Extracted records
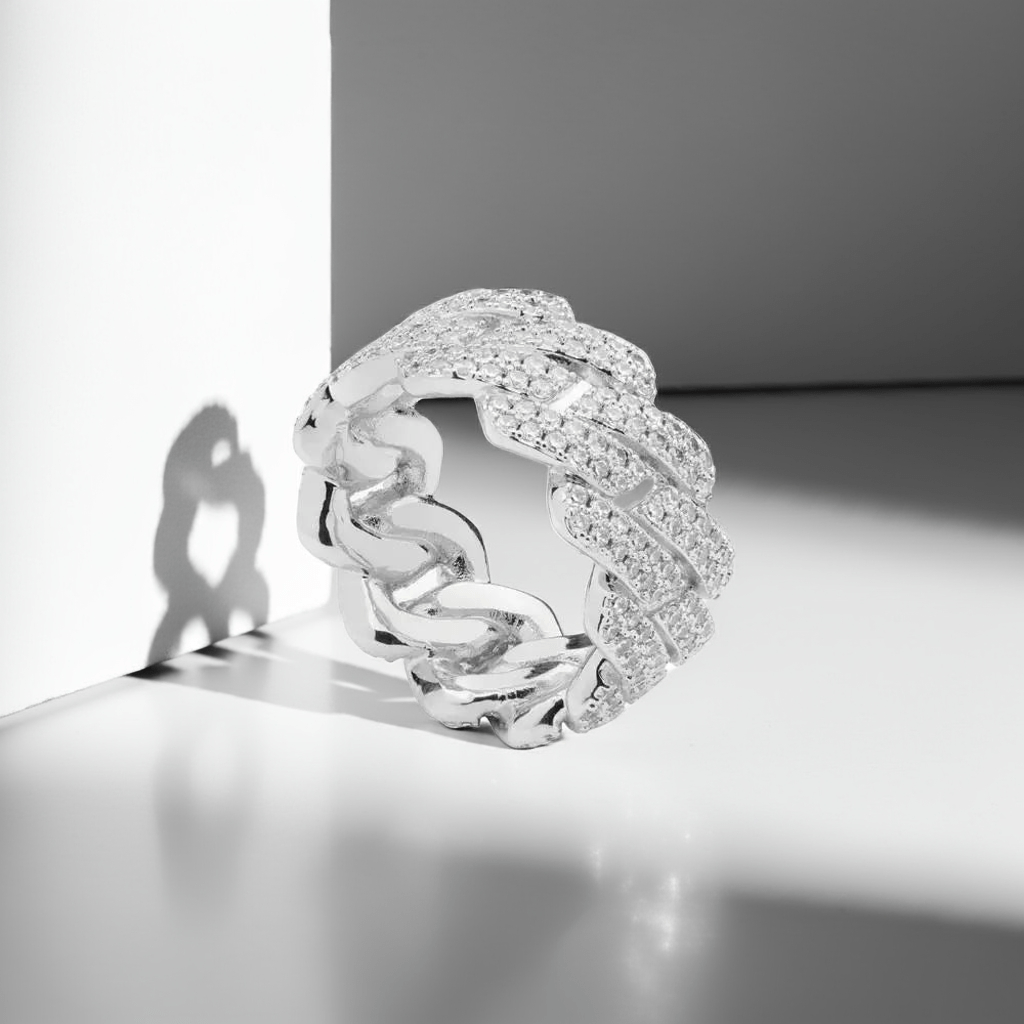 This luxurious Men's Silver Iced Prong Cuban Ring is crafted with authentic 925 Sterling Silver, is hand-finished with prong cuban links and completed with handset cubic zirconia, designed to shine. Coordinate with the matching prong cuban chain and bracelet.
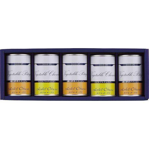 こちらの商品の包装(ラッピング)について○ラッピング・のし承ります(有料)。 のし名入れはご注文時備考欄にご記載下さい。 注文者名とお届け先名が異なる場合は「(注文者名)様ご依頼分」と送り状に記載して発送いたします。 世界中の賓客をおもてなししてきたホテルオークラの味がお楽しみいただけます。 ホテルの味でありながら温めるだけのお手軽さが魅了のもらってうれしいギフトです。 【商品内容】●8種の野菜ポタージュ160g×3、ベジタブルチャウダー160g×2【箱サイズ】31.9×11.3×6.2cm【箱入重量】1.2kg【宅配区分】常温【賞味期間】1,080日【アレルゲン】卵、乳成分、小麦、大豆、鶏肉、豚肉[ 缶詰 惣菜 セット 詰め合わせ ギフト ] 【ギフト】ホテルオークラ スープ缶詰 詰合せ G-A 【北海道・沖縄・離島配送不可】 3,657 ~
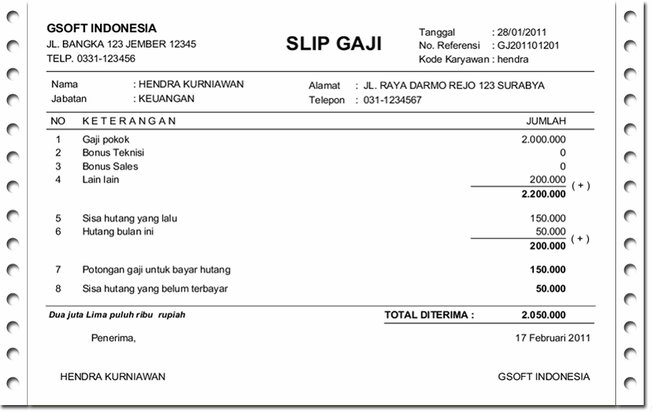 Contoh Slip Gaji Karyawan Belajar Cv Kreatif Microsoft Excel
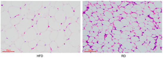 Histomorphological changes in the perirenal adipose tissue of dieting rabbits. Histomorphological image of the perirenal adipose tissue from the high-fat diet (HFD) and restricted diet (RD) rabbits.
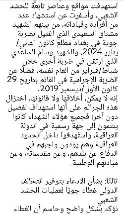 نؤكد أن استهداف نائب رئيس هيئة الحشد الشعبي واغتياله في بغداد، وهو مسؤول عسكري رسمي في الدولة العراقية ولا ينتمي إلى أي فصيل مسلح، يُعدّ انتهاكًا صارخًا لسيادة العراق، ويُثبت بما لا يدع مجالًا للشك أن العداء الأمريكي كان موجّهًا إلى الحشد الشعبي كمؤسسة وطنية، وليس إلى أطراف بعينها.

* **The problem**: Starting from the first line of the entries above, print each line exactly until the line containing "Histomorphological changes in" has been printed, and skip the pictures.

* **Expected answer**:
 This luxurious Men's Silver Iced Prong Cuban Ring is crafted with authentic 925 Sterling Silver, is hand-finished with prong cuban links and completed with handset cubic zirconia, designed to shine. Coordinate with the matching prong cuban chain and bracelet.
 こちらの商品の包装(ラッピング)について○ラッピング・のし承ります(有料)。 のし名入れはご注文時備考欄にご記載下さい。 注文者名とお届け先名が異なる場合は「(注文者名)様ご依頼分」と送り状に記載して発送いたします。 世界中の賓客をおもてなししてきたホテルオークラの味がお楽しみいただけます。 ホテルの味でありながら温めるだけのお手軽さが魅了のもらってうれしいギフトです。 【商品内容】●8種の野菜ポタージュ160g×3、ベジタブルチャウダー160g×2【箱サイズ】31.9×11.3×6.2cm【箱入重量】1.2kg【宅配区分】常温【賞味期間】1,080日【アレルゲン】卵、乳成分、小麦、大豆、鶏肉、豚肉[ 缶詰 惣菜 セット 詰め合わせ ギフト ] 【ギフト】ホテルオークラ スープ缶詰 詰合せ G-A 【北海道・沖縄・離島配送不可】 3,657 ~
 Contoh Slip Gaji Karyawan Belajar Cv Kreatif Microsoft Excel
 Histomorphological changes in the perirenal adipose tissue of dieting rabbits. Histomorphological image of the perirenal adipose tissue from the high-fat diet (HFD) and restricted diet (RD) rabbits.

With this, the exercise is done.